# AIM OF THE TASK:
Return each line of the listing below, unchanged, and omit the images.

# PROVIDED RECORDS:
□ □ □ □ □
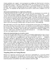 Industry partners can support school programs by working with the teacher to develop, and ultimately deliver, a hands-on activity that reflects the company’s products or one of its high tech operations. Also popular and always a big hit with students, are brief “show- and-tells”, with a product to demonstrate how it is made or tested, or how two components are joined. The students will ask questions and want to touch and try whatever you can bring! Advanced manufacturing as a high tech profession A great partnership action is to beat down the dull and dirty stereotypes once and for all. To keep their globally-competitive edge, modern manufacturers use the most ad- vanced and automated equipment available. Technicians program, operate, and maintain robotic systems to perform process and logistics steps. They help develop elaborate con- trol schemes to maintain product quality and material movement for just-in-time manufac- turing operations. Students often think the military services develop the most cutting-edge technologies, but it is manufacturers that make those technologies a reality. If students want to work at technology's leading edge, they should work in manufacturing. Although today’s youth live in an electronic world and have some sense of computer pro- gramming, directing these students onto a manufacturing career path requires a push that you can provide. They don't realize the huge computing power in manufacturing facilities that connect office computing, cyber security and manufacturing operations together in a common, virtual space. Students that are keenly interested in information technology, will find many opportunities in manufacturing. Advanced manufacturing as a lucrative career It goes without saying that high school students don't totally understand the value of mon- ey, but they certainly have an appreciation of what a “comfortable” lifestyle is. The partner- ship effort on this front is straightforward, with the bonus that it is also a wonderful “bragging” opportunity. Manufacturing companies offer good-to-high salaries. Most jobs in manufacturing are considered “high-wage”, meaning that they pay significantly above the average worker’s salary in all fields. Data supporting this position is available on the “Made in Florida” website. Manufacturers also offer good benefits including medical insur- ance, retirement plans, and tuition reimbursement for work-related education. Manufactur- ing companies offer many opportunities to move within the company to other work areas, allowing employees to find a good fit for themselves and the company, as well as the best opportunities for their future advancement. It’s important for all of us to help our youth un- derstand that there are good wages and benefits to be had, and, therefore, great life- styles available in manufacturing at many different positions. Targeting Girls and Young Women Mentors are especially important for girls and women participating in, or pursuing STEM careers, and particularly in manufacturing. Girls and women are an untapped resource to fill Florida’s manufacturing jobs. In a recent FLATE research study, over 70 percent of in- terest responses received from high school students were from girls. 14
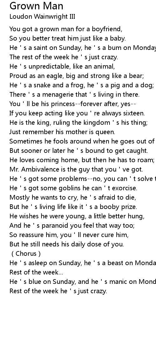| He's asleep on Sunday, he's a beast on Monday; | |
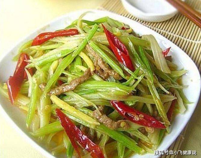 食材:芹菜絲,牛肉絲,泡椒絲,姜絲。
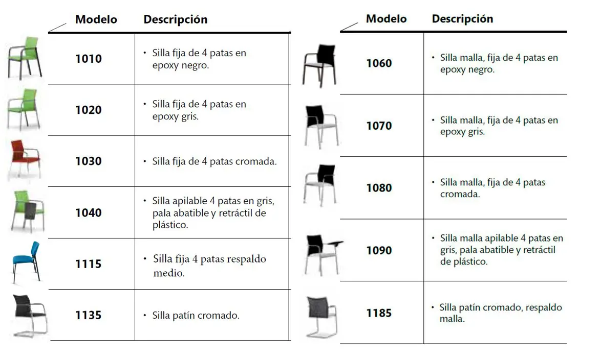 La estructura de la silla de cuatro patas, se fabrica con tubo de al carbono estructural de forma ovalada y medidas 30 x 15 x 2 mm. lo que le confiere un acabado resistente y de aspecto atractivo.
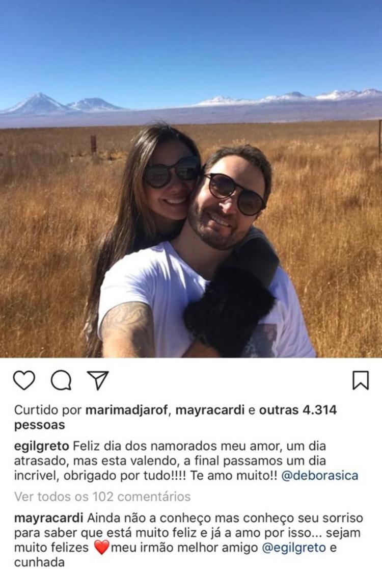 Acontece que o seu ex, em sua rede social, publicou uma foto onde ele aparece ao lado da sua nova namorada. Na legenda ele escreveu: “Feliz Dia dos Namorados, meu amor, um dia atrasado, mas está valendo. Afinal, passamos um dia incrível, obrigado por tudo!!!! Te amo muito!!”.
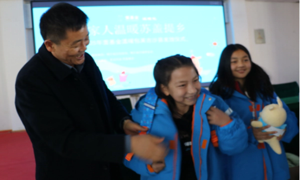 “谢谢叔叔阿姨!棉衣穿上特别暖和,书包和文具我都很喜欢,以后我一定好好学习,不辜负大家的关心!”一名受助小朋友捧着温暖包,认真地表达着感谢。
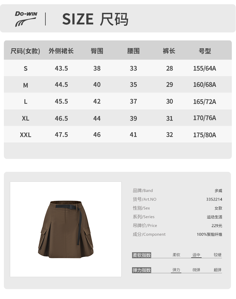 多威新款休闲运动户外工装女士半身裙3352214
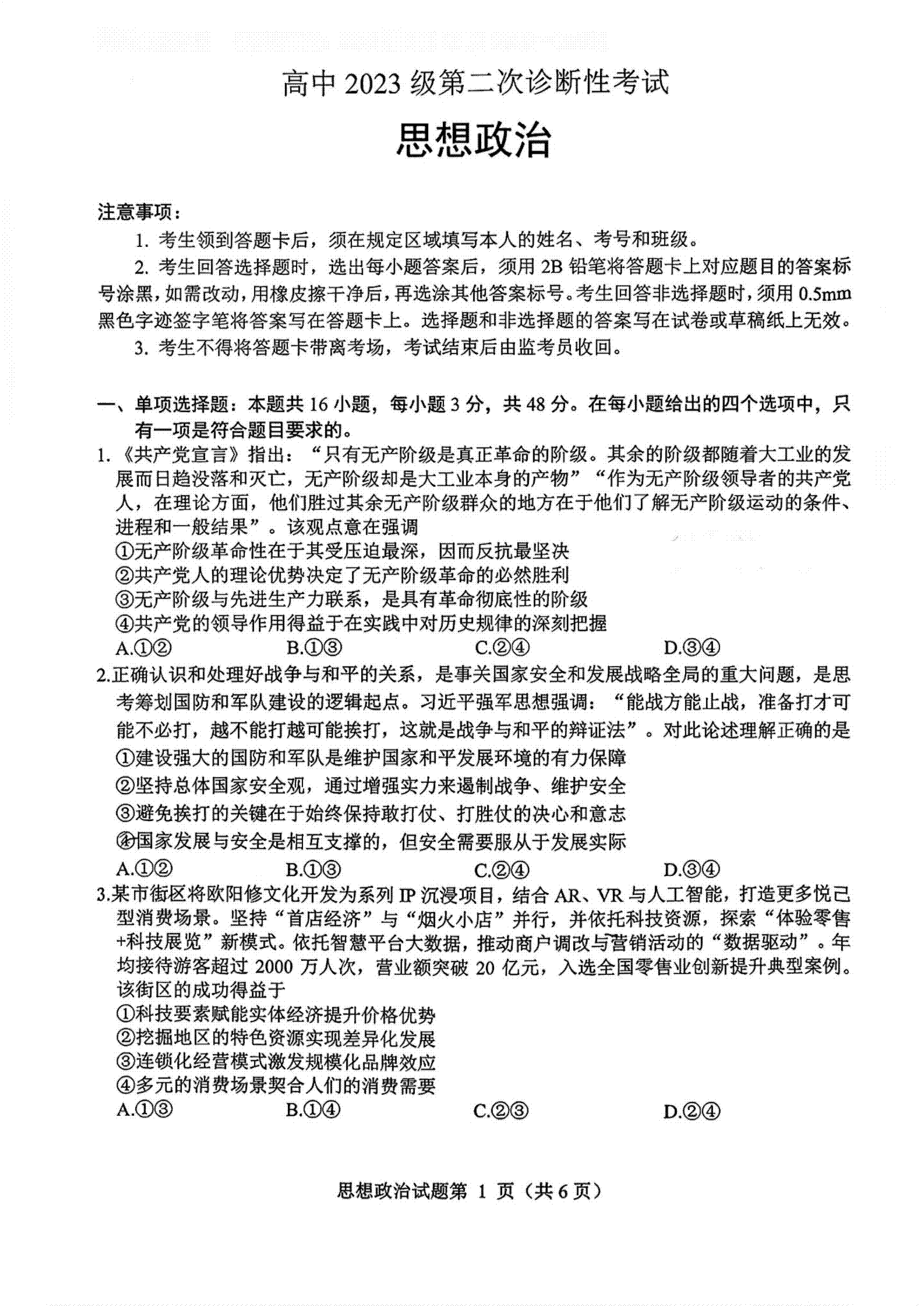 8、2026绵阳二诊政治试题及参考答案
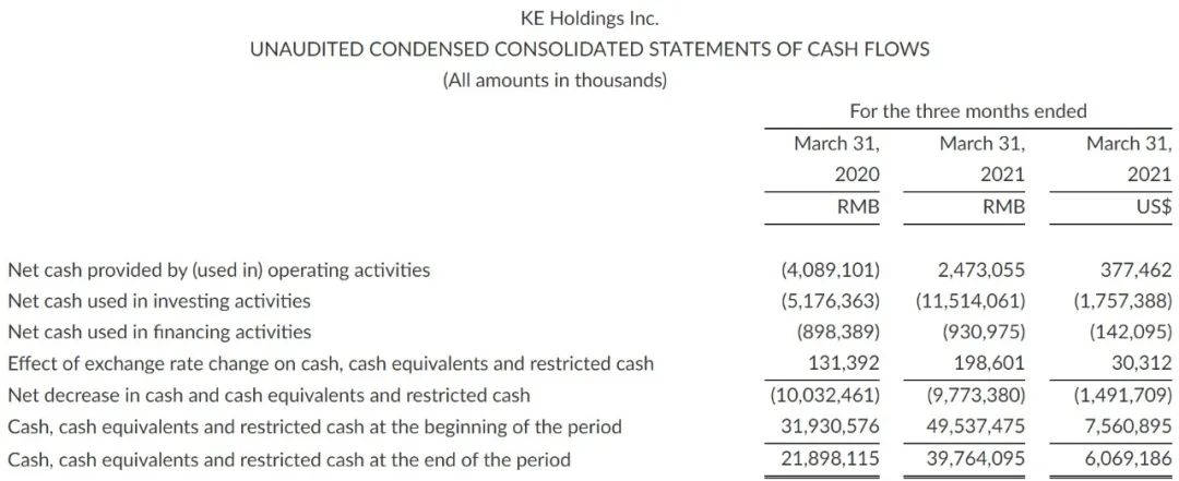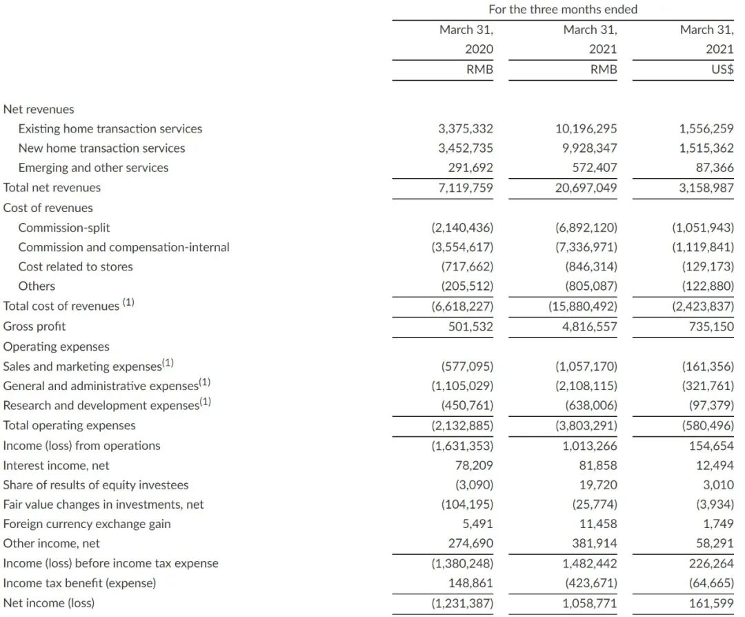 財報解釋說,2021年第一季度的高增長率,主要歸因于2020年第一季度較低的基數(shù),因為當時COVID-19爆發(fā),當然還有二手房和新房交易的發(fā)展支撐。
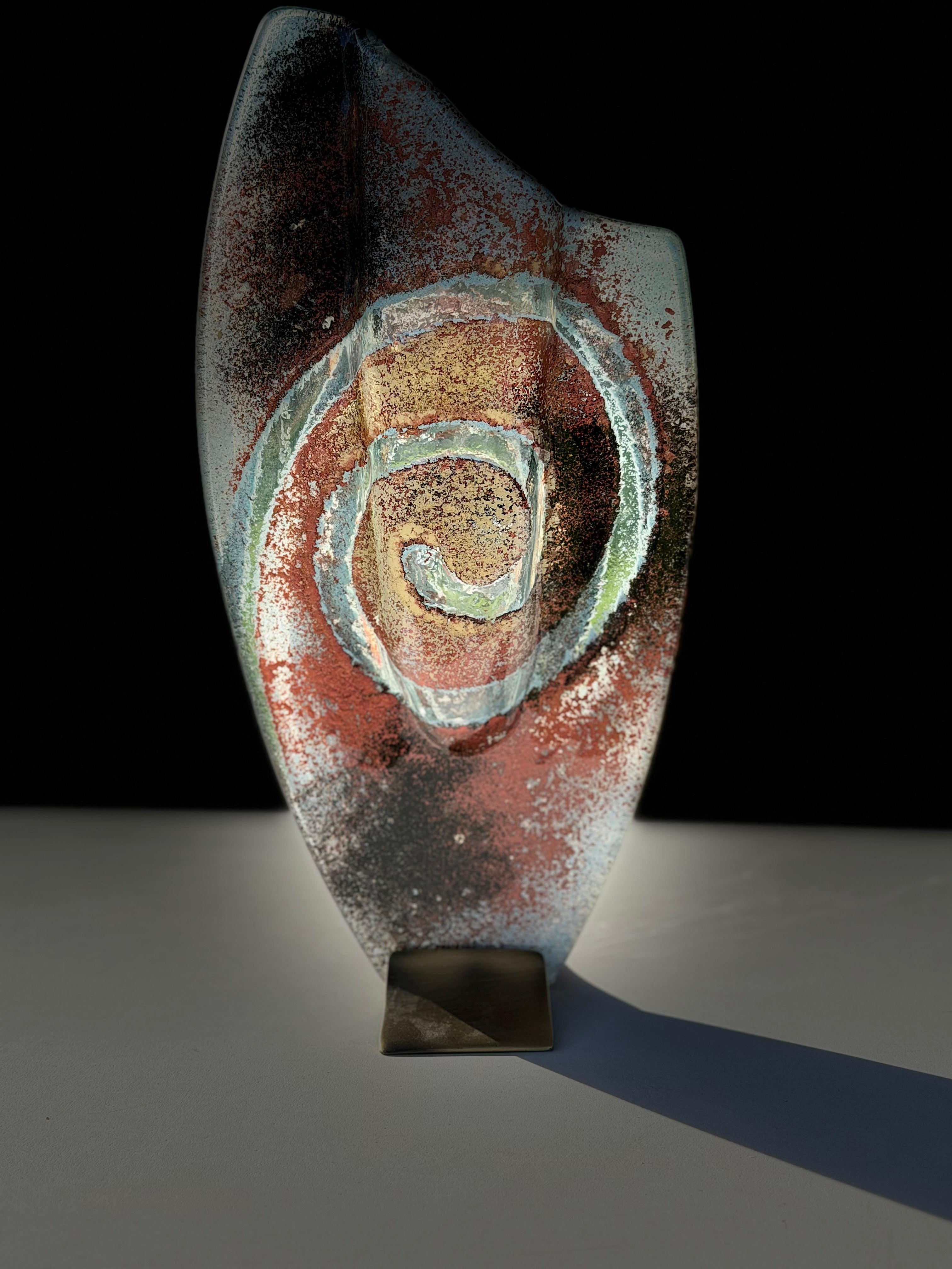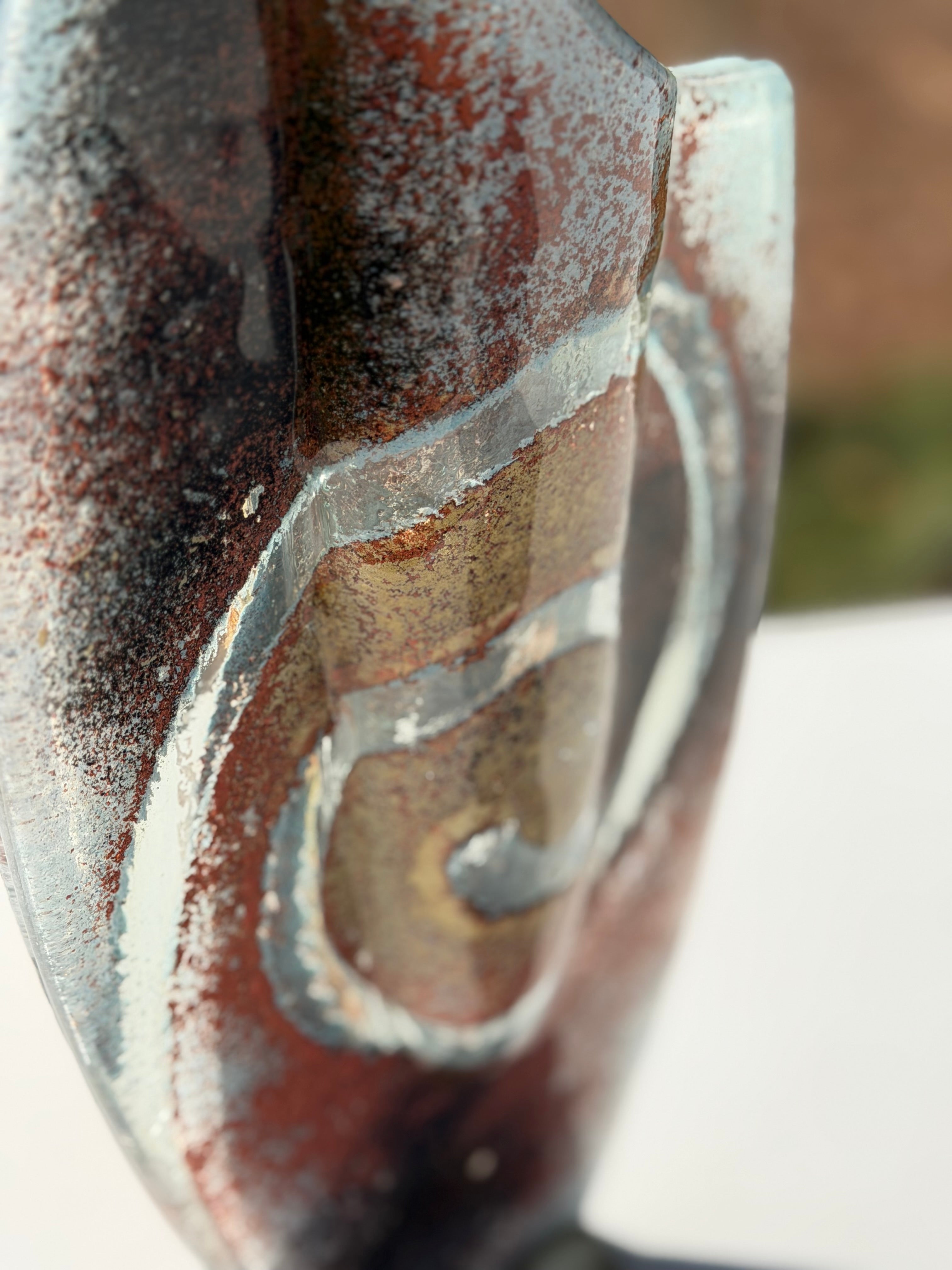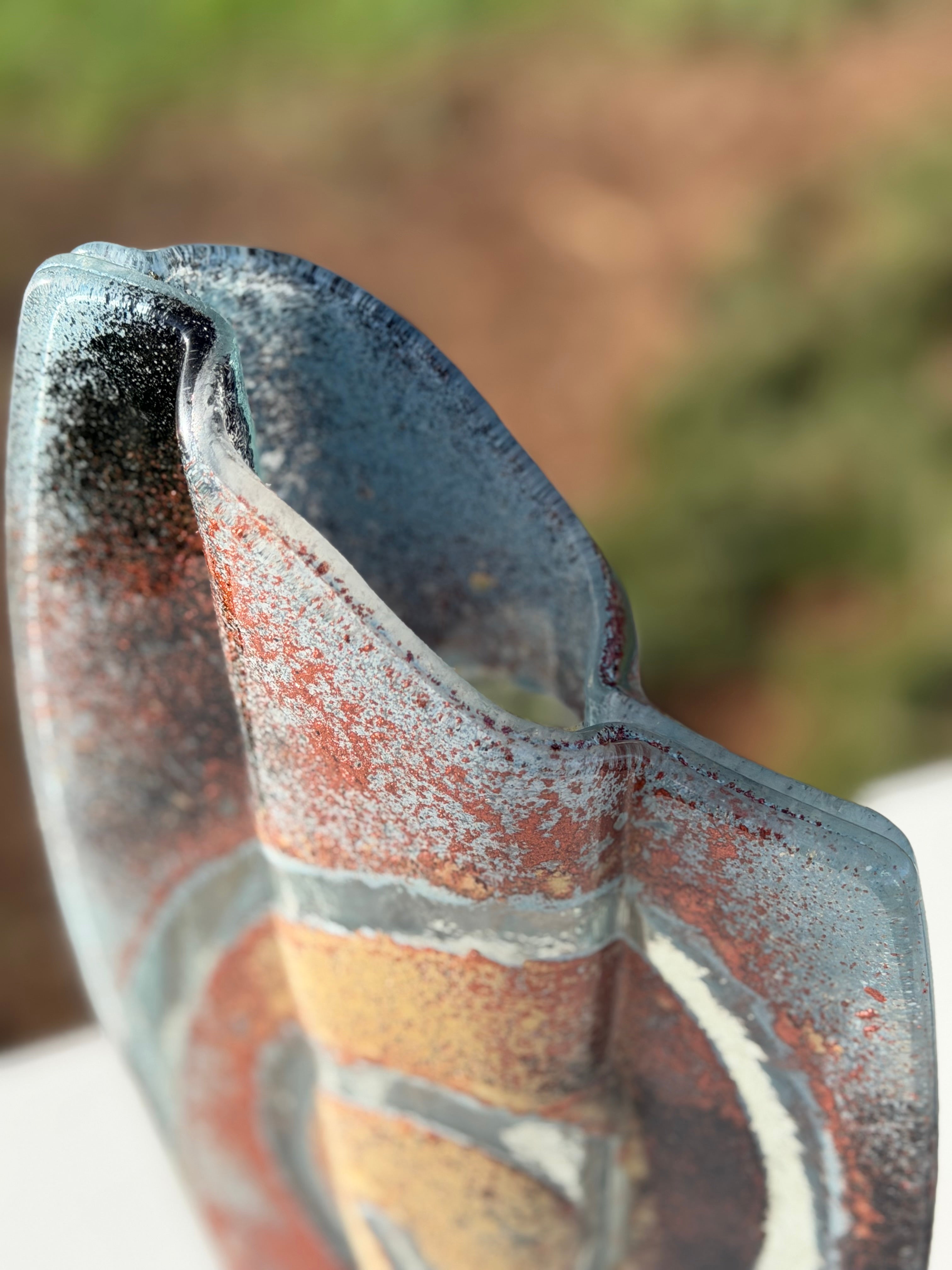 This vase is handcrafted by Eratini Artistic Glass studio in Greece. They are world renowned for their striking use of colour and the unique artistic vision behind the fused glassware they produce.
□ □ □ □ □
# TASK OUTPUT:
 Industry partners can support school programs by working with the teacher to develop, and ultimately deliver, a hands-on activity that reflects the company’s products or one of its high tech operations. Also popular and always a big hit with students, are brief “show- and-tells”, with a product to demonstrate how it is made or tested, or how two components are joined. The students will ask questions and want to touch and try whatever you can bring! Advanced manufacturing as a high tech profession A great partnership action is to beat down the dull and dirty stereotypes once and for all. To keep their globally-competitive edge, modern manufacturers use the most ad- vanced and automated equipment available. Technicians program, operate, and maintain robotic systems to perform process and logistics steps. They help develop elaborate con- trol schemes to maintain product quality and material movement for just-in-time manufac- turing operations. Students often think the military services develop the most cutting-edge technologies, but it is manufacturers that make those technologies a reality. If students want to work at technology's leading edge, they should work in manufacturing. Although today’s youth live in an electronic world and have some sense of computer pro- gramming, directing these students onto a manufacturing career path requires a push that you can provide. They don't realize the huge computing power in manufacturing facilities that connect office computing, cyber security and manufacturing operations together in a common, virtual space. Students that are keenly interested in information technology, will find many opportunities in manufacturing. Advanced manufacturing as a lucrative career It goes without saying that high school students don't totally understand the value of mon- ey, but they certainly have an appreciation of what a “comfortable” lifestyle is. The partner- ship effort on this front is straightforward, with the bonus that it is also a wonderful “bragging” opportunity. Manufacturing companies offer good-to-high salaries. Most jobs in manufacturing are considered “high-wage”, meaning that they pay significantly above the average worker’s salary in all fields. Data supporting this position is available on the “Made in Florida” website. Manufacturers also offer good benefits including medical insur- ance, retirement plans, and tuition reimbursement for work-related education. Manufactur- ing companies offer many opportunities to move within the company to other work areas, allowing employees to find a good fit for themselves and the company, as well as the best opportunities for their future advancement. It’s important for all of us to help our youth un- derstand that there are good wages and benefits to be had, and, therefore, great life- styles available in manufacturing at many different positions. Targeting Girls and Young Women Mentors are especially important for girls and women participating in, or pursuing STEM careers, and particularly in manufacturing. Girls and women are an untapped resource to fill Florida’s manufacturing jobs. In a recent FLATE research study, over 70 percent of in- terest responses received from high school students were from girls. 14
| He's asleep on Sunday, he's a beast on Monday; | |
 食材:芹菜絲,牛肉絲,泡椒絲,姜絲。
 La estructura de la silla de cuatro patas, se fabrica con tubo de al carbono estructural de forma ovalada y medidas 30 x 15 x 2 mm. lo que le confiere un acabado resistente y de aspecto atractivo.
 Acontece que o seu ex, em sua rede social, publicou uma foto onde ele aparece ao lado da sua nova namorada. Na legenda ele escreveu: “Feliz Dia dos Namorados, meu amor, um dia atrasado, mas está valendo. Afinal, passamos um dia incrível, obrigado por tudo!!!! Te amo muito!!”.
 “谢谢叔叔阿姨!棉衣穿上特别暖和,书包和文具我都很喜欢,以后我一定好好学习,不辜负大家的关心!”一名受助小朋友捧着温暖包,认真地表达着感谢。
 多威新款休闲运动户外工装女士半身裙3352214
 8、2026绵阳二诊政治试题及参考答案
 財報解釋說,2021年第一季度的高增長率,主要歸因于2020年第一季度較低的基數(shù),因為當時COVID-19爆發(fā),當然還有二手房和新房交易的發(fā)展支撐。
 This vase is handcrafted by Eratini Artistic Glass studio in Greece. They are world renowned for their striking use of colour and the unique artistic vision behind the fused glassware they produce.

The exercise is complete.